Sammasambuddha Gotama mewariskan Dhamma, lanjut bhante, sebagai warisan Agung yang tiada tara nilainya sebagai jalan untuk bebas dari penderitaan. Dhamma mengajarkan kepada umat manusia untuk menjaga diri dengan sila. Sila adalah tahap awal melatih diri. Dengan menjaga Sila, seseorang juga telah menjaga masyarakat supaya tidak menjadi korban kejahatan dan keburukan orang tersebut.
Tetapi menurut bhante, menjalankan Sila saja tidak cukup. Hal ini karena perbuatan itu datang dari mental dan pikiran. Bhante menekankan bahwa mental dan pikiran harus dibersihkan dari kotoran-kotoran batin, kelekatan, ketagihan hawa nafsu, ketagihan akan kenikmatan, ambisi atau emosi untuk membenci atau menghancurkan orang lain, yang semuanya itu muncul dari ketidaktahuan, dari keakuan yang seolah-olah nyata padahal tidak.
“Mental atau pikiran ini harus dibersihkan dengan samadhi, membuat mental menjadi tenang dulu. Karena setelah tenang, pikiran kita, mental kita, kesadaran kita, akan melihat bahwa semuanya itu sesungguhnya tidak kekal. Samanera harus menaati sila, karena itu adalah langkah pertama untuk mengurangi kotoran batin,” lanjut bhante.
Lebih jauh bhante menegaskan kepada para peserta bahwa selama pelatihan yang paling penting adalah praktek. Para bhikkhu mengajar Dhamma hanya sebagai petunjuk, para samanera harus praktek, menjalankan sila, meditasi, dan melihat ke dalam dirinya sendiri. Melihat ke dalam diri, untuk mengalami langsung kebenaran dari ajaran Buddha, bahwa hidup ini adalah Anicca, Dukkha, Anatta.
Bhante menerangkan, Anicca, Dukkha, Anatta harus dilihat sendiri dengan kesadaran, dengan sati sampajanna. Karena dukkha berada di dalam diri, sebabnya juda di dalam diri, lenyapnya juga di dalam diri, dan jalan melenyapkannya juga persis di dalam diri.
“Di tubuh yang juga disebut loka, yang panjangnya tidak lebih dari dua meter. Di situlah anda sekalian harus observasi, harus praktek, melihat sendiri hingga mencapai kebebasan,” tegas bhante.
“Mereka yang sudah mulai terbebas, mereka telah mencapai Arya magga, Arya phala, jalan kesucian, buah dari kesucian yaitu Arya Sangha. Arya Sangha adalah permata ketiga sebagai prove, sebagai bukti bahwa Dhamma itu memang bisa menyelesaikan penderitaan.
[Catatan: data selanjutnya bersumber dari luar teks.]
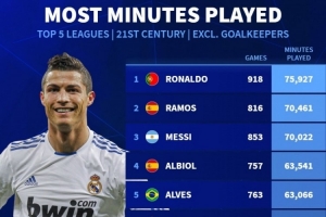 體育資訊12月5日訊 德國(guó)轉(zhuǎn)會(huì)市場(chǎng)統(tǒng)計(jì)了21世紀(jì)非門將球員在五大聯(lián)賽的出場(chǎng)時(shí)間,并列出榜單,C羅居首,拉莫斯、梅西二三位。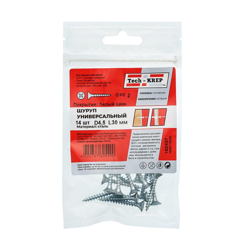 Саморез ШУц 4,5х30 пот. гол. (14 шт) - пакет ( 0,033 кг) | 102437 | Tech-KREP

Karena itu tiga permata ini menjadi kesatuan yang tidak dipisahkan.”
“Oleh karena itu, menjadi samanera harus dibekali dengan Saddha yang kuat pada diri kita. Dan itulah pondasi, akar, dasar. Kalau dasar, pondasi, akarnya tidak kuat, maka pohon atau bangunan akan runtuh. Menjadi samanera, menjadi bhikkhu juga runtuh. Ingat-ingat ini, perhatikan ini! Perkuatlah keyakinan anda dengan belajar, dengan praktek Dhamma,” pungkas bhante.
Upacara dilanjutkan dengan pemberian latihan meditasi dengan obyek jasmani, Kammaraga. Meditasi ini untuk mengurangi hawa nafsu terhadap keindahan fisik melalui perenungan lima bagian tubuh. Dalam meditasi para samanera merenungkan bahwa sesungguhnya tidak ada yang indah, tidak ada yang bagus. Yang indah, yang bagus tersebut hanya sesaat, mengandung kebusukan dan ketidakkekalan.
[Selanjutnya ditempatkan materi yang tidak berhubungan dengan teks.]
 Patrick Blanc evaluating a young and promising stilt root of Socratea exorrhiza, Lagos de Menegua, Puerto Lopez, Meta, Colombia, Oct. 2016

Obyek meditasi lima bagian tubuh tersebut adalah rambut, bulu, kuku, gigi, kulit. Upajjhaya membimbing meditasi dan memberikan obyek tersebut dengan menyebutkan dalam Bahasa Pali, dari rambut, bulu, kuku, gigi, kulit. Dan sebaliknya dari kulit, gigi, kuku, bulu, dan rambut. Para samanera menirukan dan merenungkan setiap kata dari Upajjhaya.
Usai praktik meditasi, Upajjhaya memberikan kain kuning, dan para Acariya mewakili Upajjhaya juga memberikan kain kuning. “Nanti anda sekalian berganti jubah putih ini dengan jubah kuning. Sewaktu melepas jubah putih, kain kuning yang diberikan Upajjhaya di tempat ini tidak boleh dilepas,” pesan Upphajaya.
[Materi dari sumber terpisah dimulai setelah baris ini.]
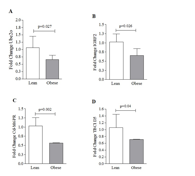 Figure 2 Determination of Ube2o, Igfr2, Cdm6pr and Tbc1d5 mRNA levels in the arcuate nucleus by qPCR. Twelve-week-old C57BL/6Junib male mice were randomly assigned to a standard (St) (n=6) or high-fat diet (n=6). Gene expression data were determined by qPCR on the 8th week and represented as fold change relative quantitation. Values were expressed in means ± SD. Comparisons between groups were evaluated by one-way analysis of variance, followed by the Student T-test. p<0.05 was considered significant. For both groups, n=6.

Setelah berganti jubah kuning, para samanera kembali ke tempat upacara untuk memohon sila. Usai permohonan sila, dilanjutkan penerimaan perlengkapan samanera dari para sponsor yang telah dipersiapkan di sekeliling ruangan. Di akhir upacara, para samanera mempersembahkan amisa puja kepada Bhikkhu Upajjhaya dan Acariya, kemudian ditutup dengan pelimpahan jasa.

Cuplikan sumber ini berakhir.